-- Opening Marker --

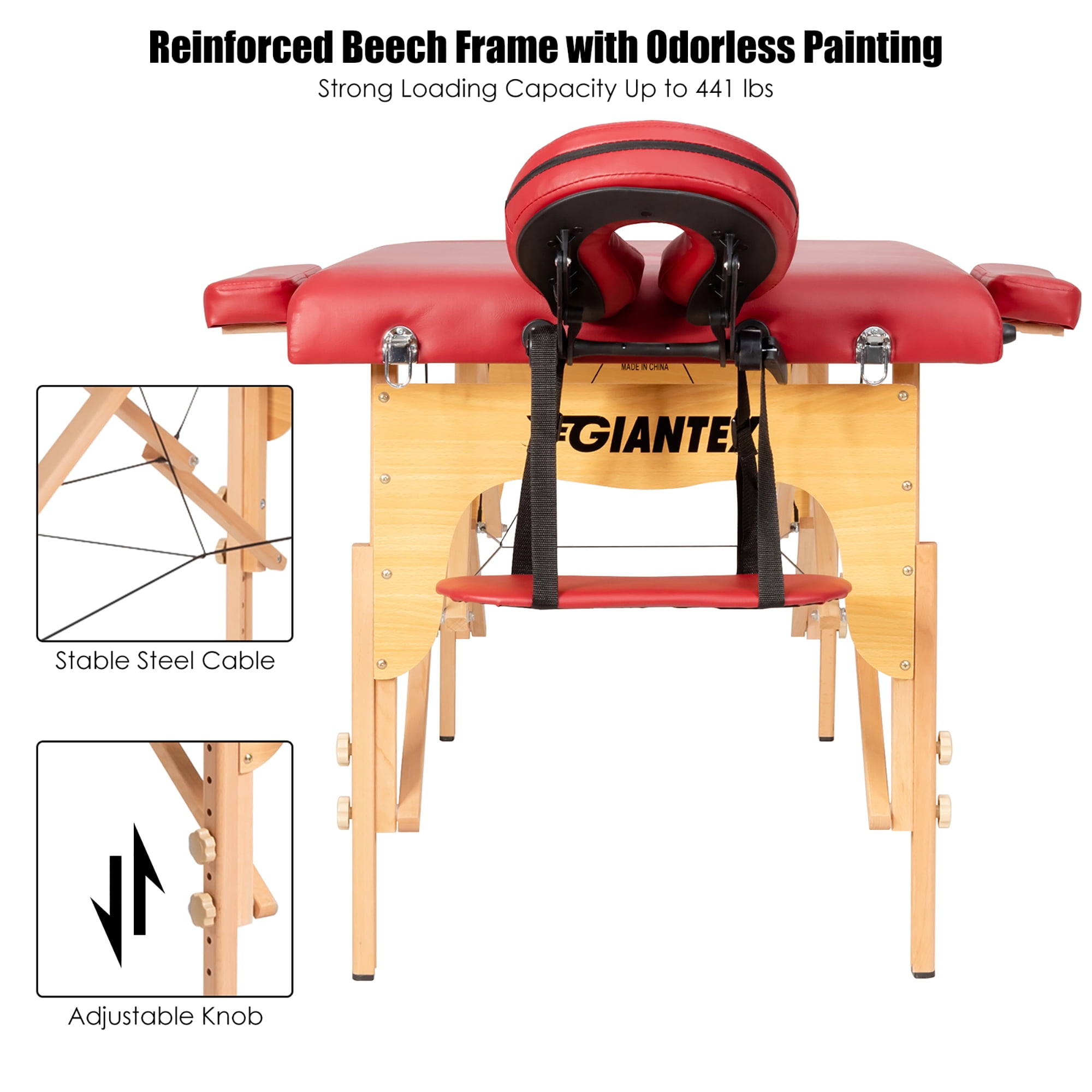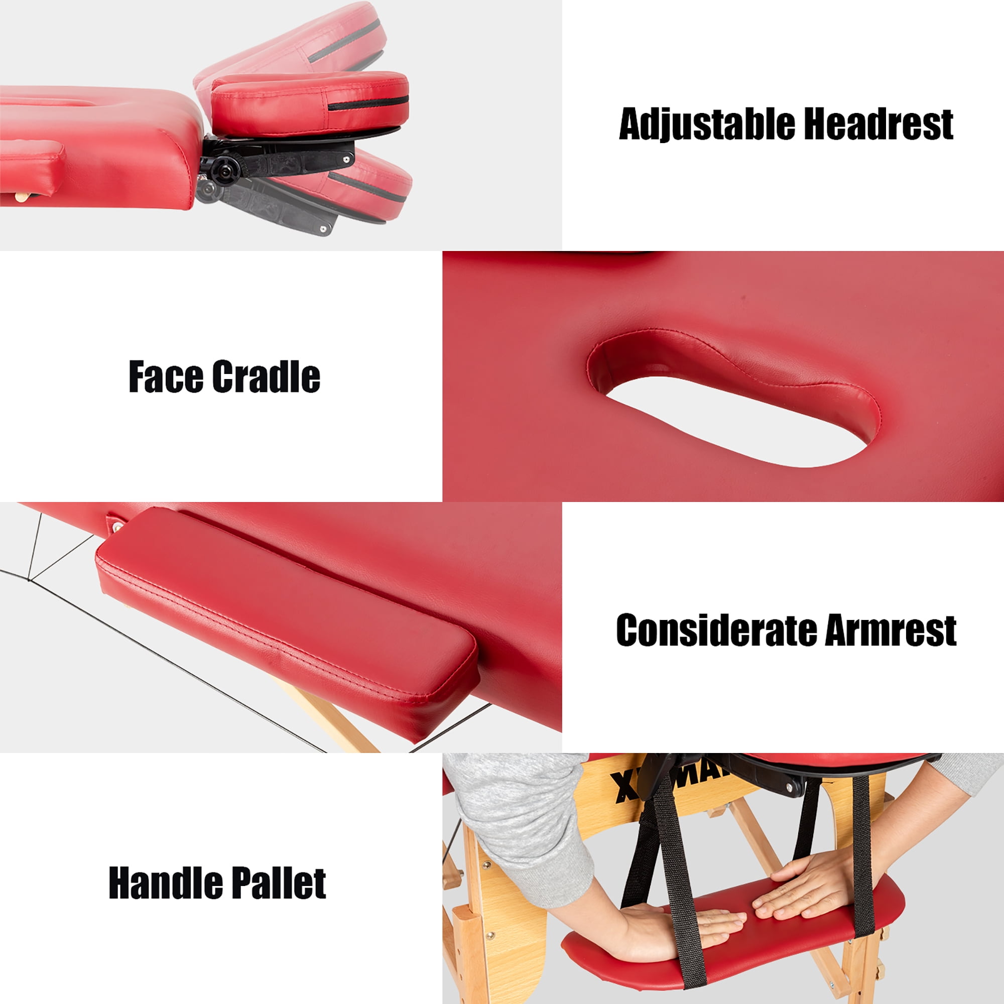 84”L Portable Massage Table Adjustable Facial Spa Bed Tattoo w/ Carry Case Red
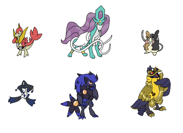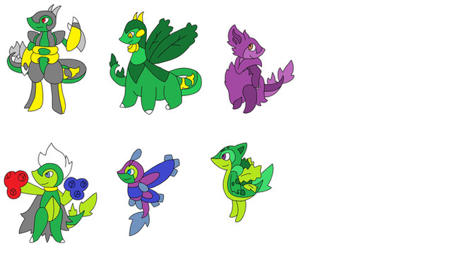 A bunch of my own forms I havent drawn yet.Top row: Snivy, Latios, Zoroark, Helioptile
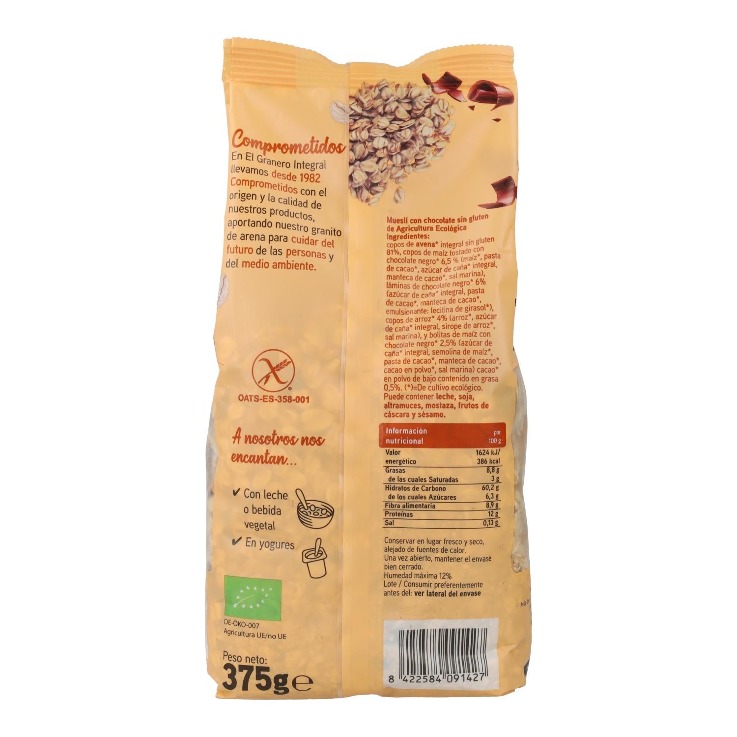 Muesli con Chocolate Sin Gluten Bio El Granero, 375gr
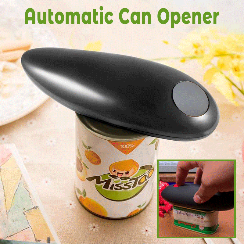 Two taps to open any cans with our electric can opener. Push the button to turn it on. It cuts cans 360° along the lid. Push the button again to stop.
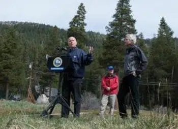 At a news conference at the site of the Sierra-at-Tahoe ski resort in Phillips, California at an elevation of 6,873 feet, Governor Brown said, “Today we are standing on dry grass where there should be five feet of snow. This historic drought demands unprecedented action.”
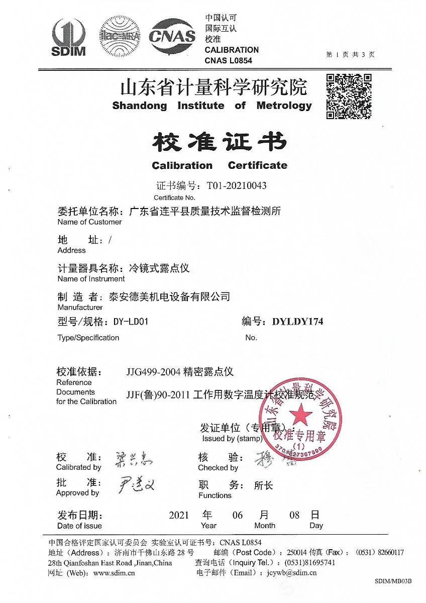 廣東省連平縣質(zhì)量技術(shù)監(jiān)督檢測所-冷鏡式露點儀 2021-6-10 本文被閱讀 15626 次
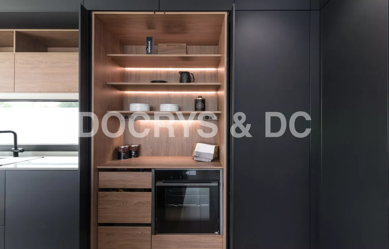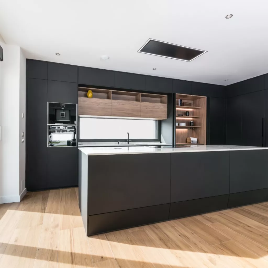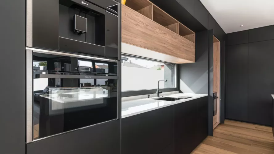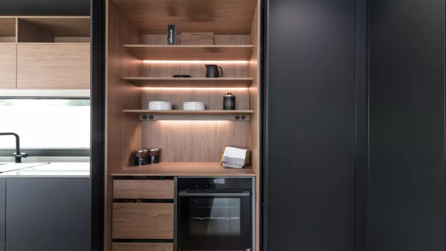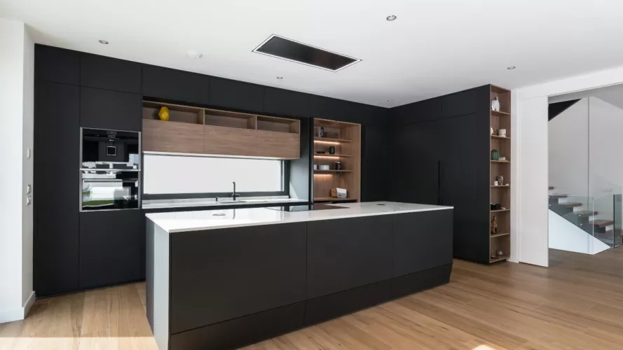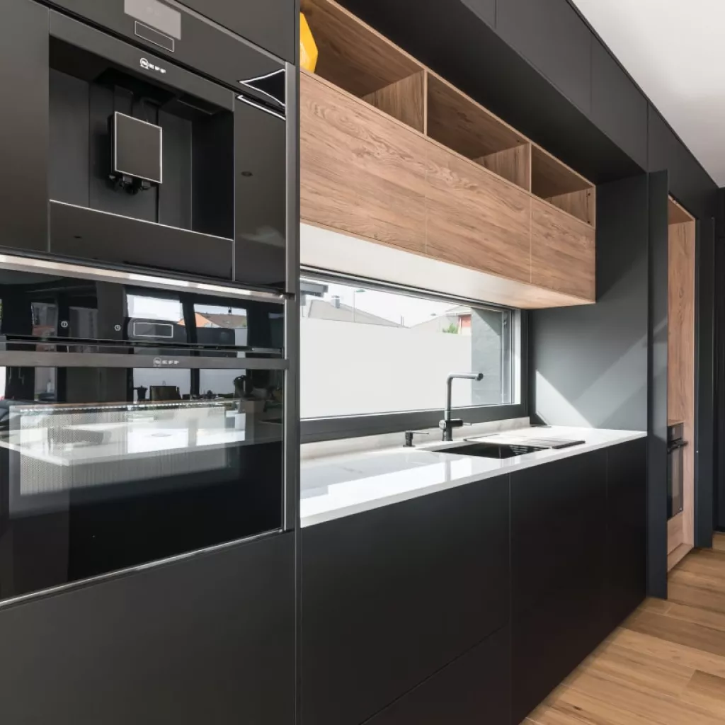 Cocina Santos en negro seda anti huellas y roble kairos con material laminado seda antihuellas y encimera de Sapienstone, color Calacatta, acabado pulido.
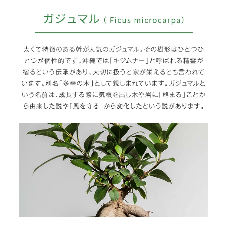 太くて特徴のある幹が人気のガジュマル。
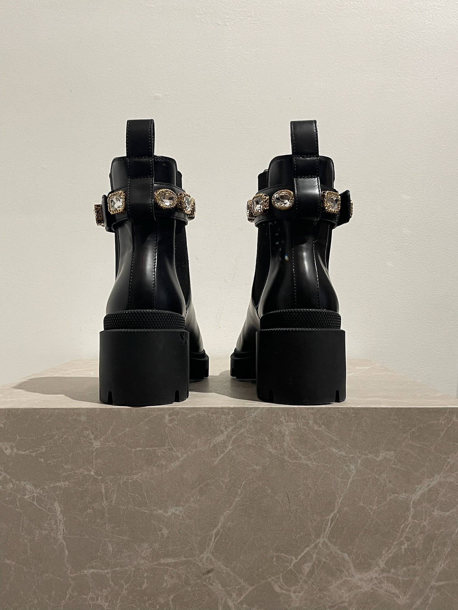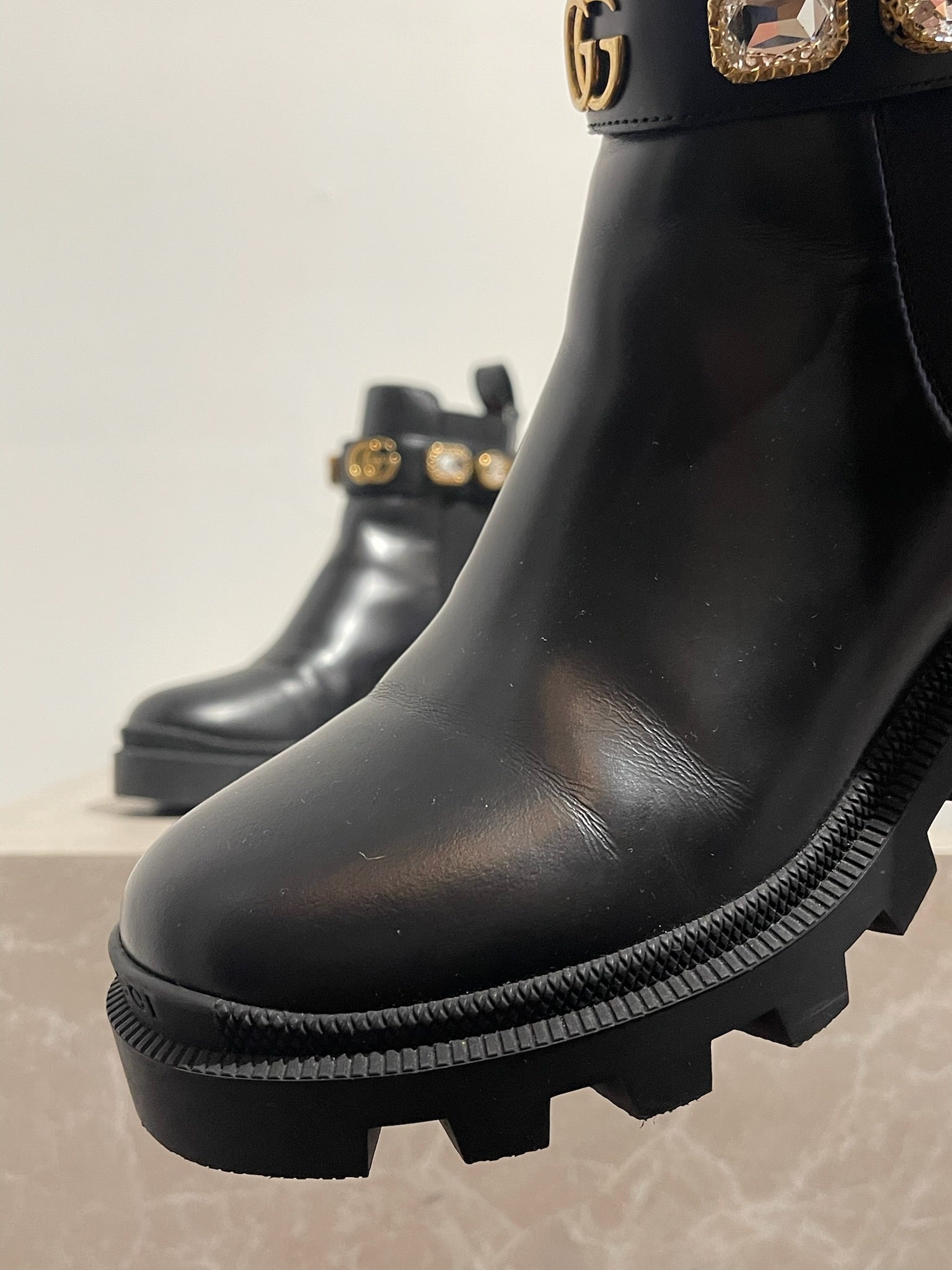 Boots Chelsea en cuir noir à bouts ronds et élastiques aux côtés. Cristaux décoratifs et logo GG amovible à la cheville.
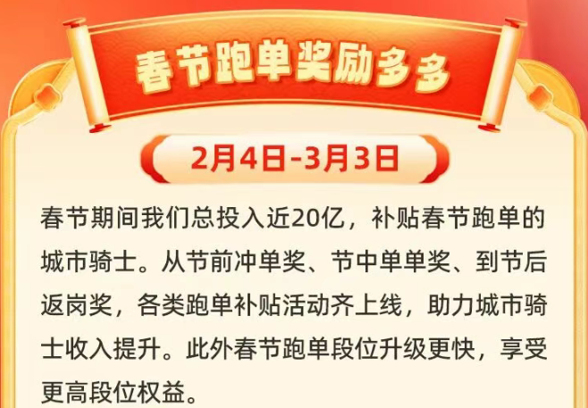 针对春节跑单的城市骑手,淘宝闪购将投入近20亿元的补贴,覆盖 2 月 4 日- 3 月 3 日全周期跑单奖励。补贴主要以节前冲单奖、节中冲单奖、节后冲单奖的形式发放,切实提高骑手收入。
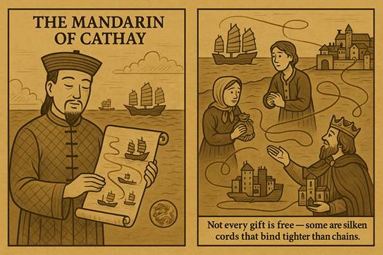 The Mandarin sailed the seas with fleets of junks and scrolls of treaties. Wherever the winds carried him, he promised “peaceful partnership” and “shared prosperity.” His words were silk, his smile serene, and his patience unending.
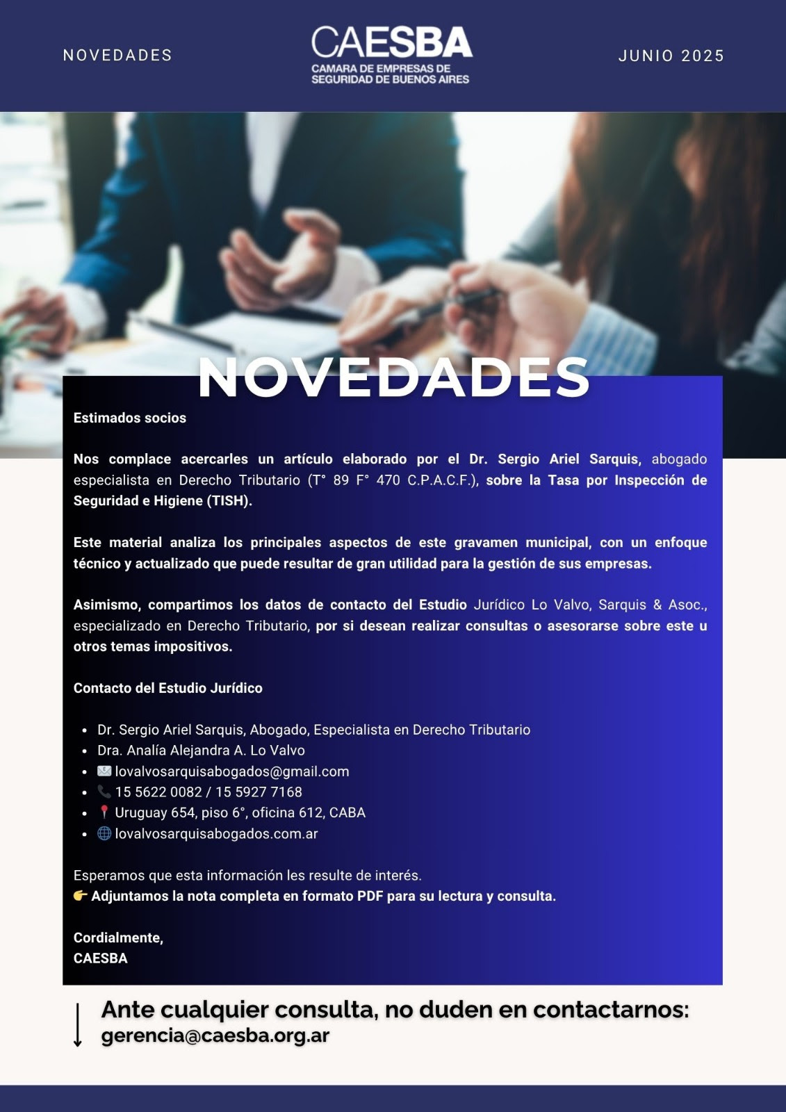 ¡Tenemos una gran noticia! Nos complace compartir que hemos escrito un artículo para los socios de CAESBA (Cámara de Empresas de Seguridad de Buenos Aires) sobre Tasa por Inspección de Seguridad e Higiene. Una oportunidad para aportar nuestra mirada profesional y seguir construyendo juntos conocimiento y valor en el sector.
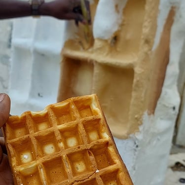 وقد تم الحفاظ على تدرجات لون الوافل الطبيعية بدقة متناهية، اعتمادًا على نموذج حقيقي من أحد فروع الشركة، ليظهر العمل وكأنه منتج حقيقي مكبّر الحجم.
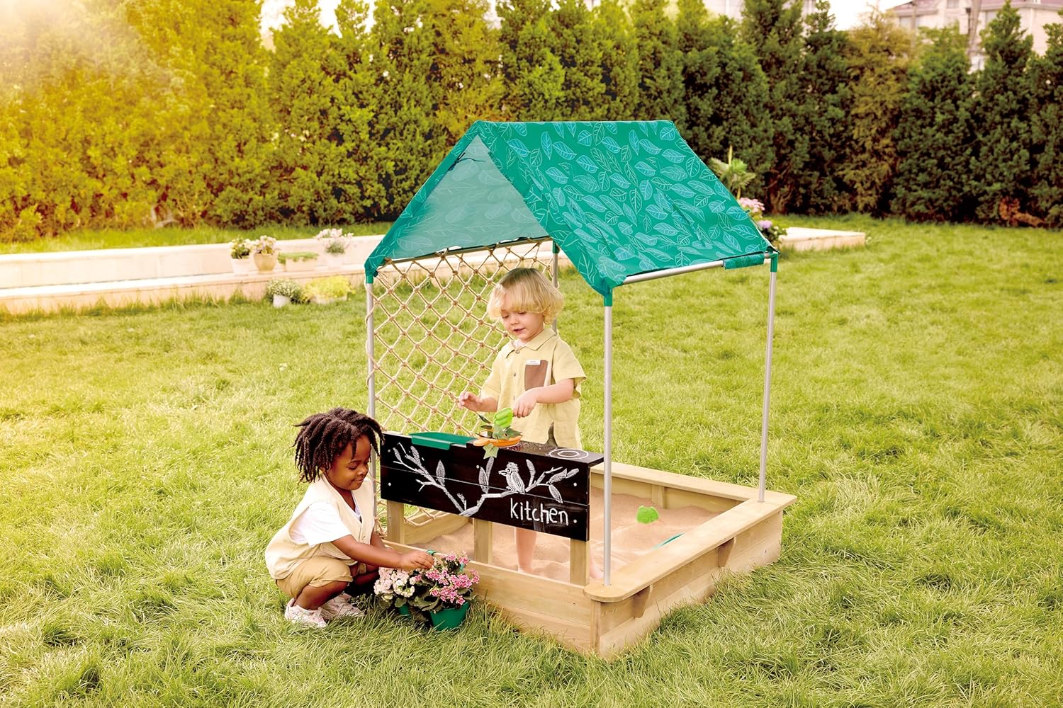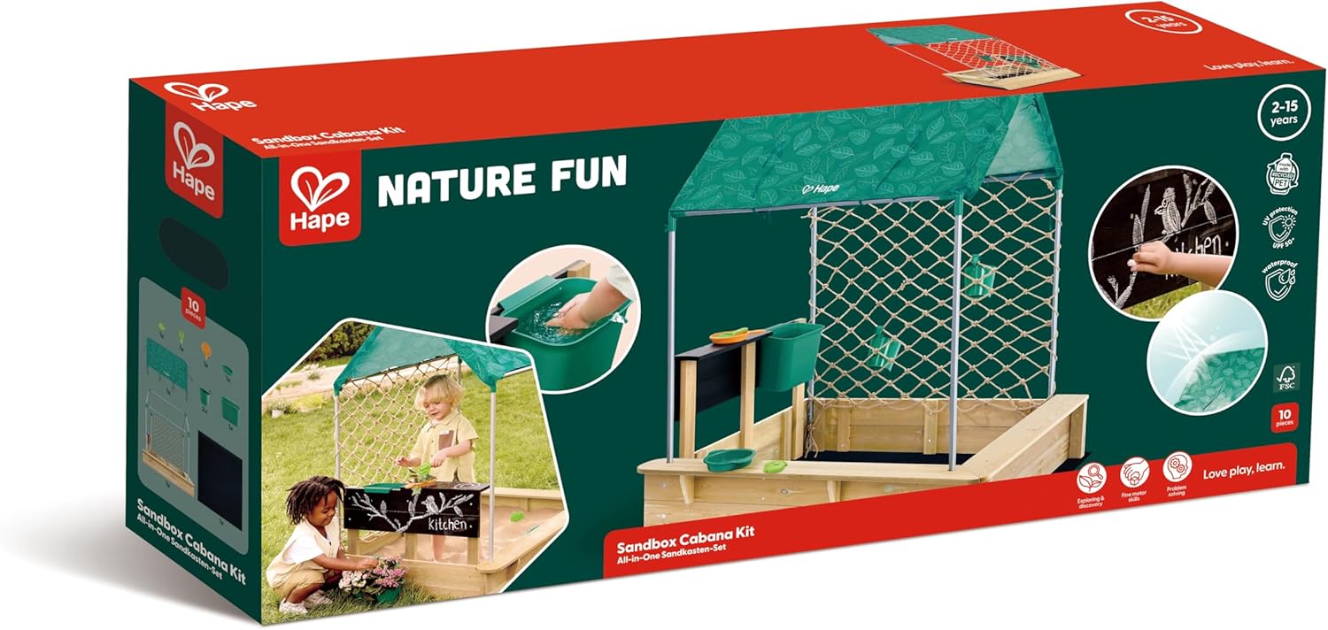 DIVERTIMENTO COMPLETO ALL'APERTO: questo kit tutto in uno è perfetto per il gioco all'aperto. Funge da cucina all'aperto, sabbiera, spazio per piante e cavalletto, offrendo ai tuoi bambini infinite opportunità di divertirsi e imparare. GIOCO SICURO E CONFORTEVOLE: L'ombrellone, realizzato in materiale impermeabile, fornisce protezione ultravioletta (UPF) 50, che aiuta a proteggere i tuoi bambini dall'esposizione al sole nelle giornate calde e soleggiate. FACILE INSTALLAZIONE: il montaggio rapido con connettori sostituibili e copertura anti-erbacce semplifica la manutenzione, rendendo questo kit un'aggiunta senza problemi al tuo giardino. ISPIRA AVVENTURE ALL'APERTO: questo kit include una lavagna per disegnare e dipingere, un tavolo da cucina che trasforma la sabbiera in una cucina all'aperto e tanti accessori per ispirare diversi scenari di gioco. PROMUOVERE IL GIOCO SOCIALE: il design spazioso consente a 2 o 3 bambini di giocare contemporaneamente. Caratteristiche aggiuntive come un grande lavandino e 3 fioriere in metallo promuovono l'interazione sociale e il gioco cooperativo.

-- Closing Marker --

What are the lines above from the one with "Muesli con Chocolate" to the one with "Two taps to", both included? Reproduce them exactly, without pictures.

**RESPONSE TO THE EXERCISE:**
 Muesli con Chocolate Sin Gluten Bio El Granero, 375gr
 Two taps to open any cans with our electric can opener. Push the button to turn it on. It cuts cans 360° along the lid. Push the button again to stop.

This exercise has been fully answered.